ECLI:NL:RBDHA:2021:15491
Rechtbank Den Haag
- Eerste aanleg - enkelvoudig
- Rechtspraak.nl
Asielaanvraag en Dublinverordening: Verantwoordelijkheid van Zweden en bewijsvoering
In deze zaak heeft de Rechtbank Den Haag op 5 maart 2021 uitspraak gedaan in een asielprocedure waarbij de eiser, vertegenwoordigd door mr. C.J. Ullersma, in beroep ging tegen het besluit van de Staatssecretaris van Justitie en Veiligheid om zijn asielaanvraag niet in behandeling te nemen. De Staatssecretaris stelde dat Zweden verantwoordelijk was voor de behandeling van de asielaanvraag op basis van de Dublinverordening, omdat de eiser daar eerder een asielaanvraag had ingediend. Eiser betwistte deze verantwoordelijkheid en voerde aan dat hij langer dan drie maanden het grondgebied van de lidstaten had verlaten, waardoor Nederland verantwoordelijk zou zijn voor zijn asielverzoek.

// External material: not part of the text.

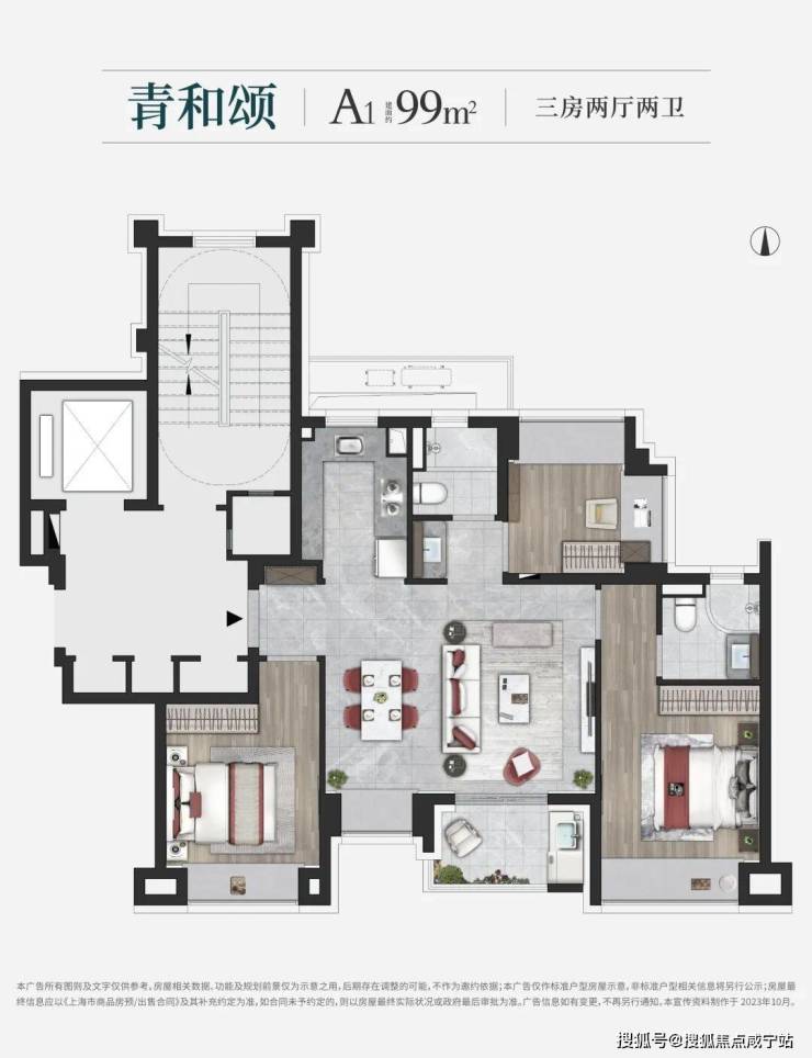 建面约99㎡3房(A1户型),做到了3.5开间朝南设计,整个户型几乎没有浪费面积~实现空间节约、居住升级等美好体验。
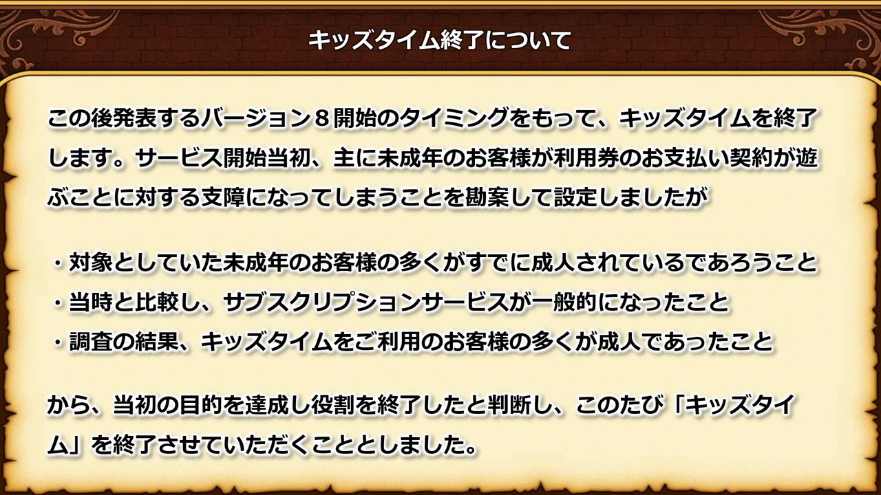 2025年12月25日のDQXTVで発表された「キッズタイムの廃止」。 正直な感想を言えば「ついに来たか」というのが第一印象です。

Tijdens de zitting op 2 maart 2021, waar eiser en zijn gemachtigde aanwezig waren, werd de zaak behandeld. Eiser had documenten overgelegd ter onderbouwing van zijn verblijf in de Gazastrook en Egypte, maar de rechtbank oordeelde dat deze documenten onvoldoende bewijs boden voor zijn stelling dat hij drie maanden aaneengesloten het grondgebied van de lidstaten had verlaten. De rechtbank concludeerde dat de Staatssecretaris terecht had vastgesteld dat er geen bewijs was dat eiser aan zijn stelling kon voldoen.
De rechtbank oordeelde verder dat de Staatssecretaris niet verplicht was om de door eiser na het claimakkoord overgelegde stukken aan Zweden te verstrekken, omdat Zweden zijn verantwoordelijkheid voor de behandeling van de asielaanvraag had erkend. De beroepsgronden van eiser werden verworpen en het beroep werd ongegrond verklaard. De uitspraak werd openbaar gemaakt en er werd geen proceskostenveroordeling opgelegd.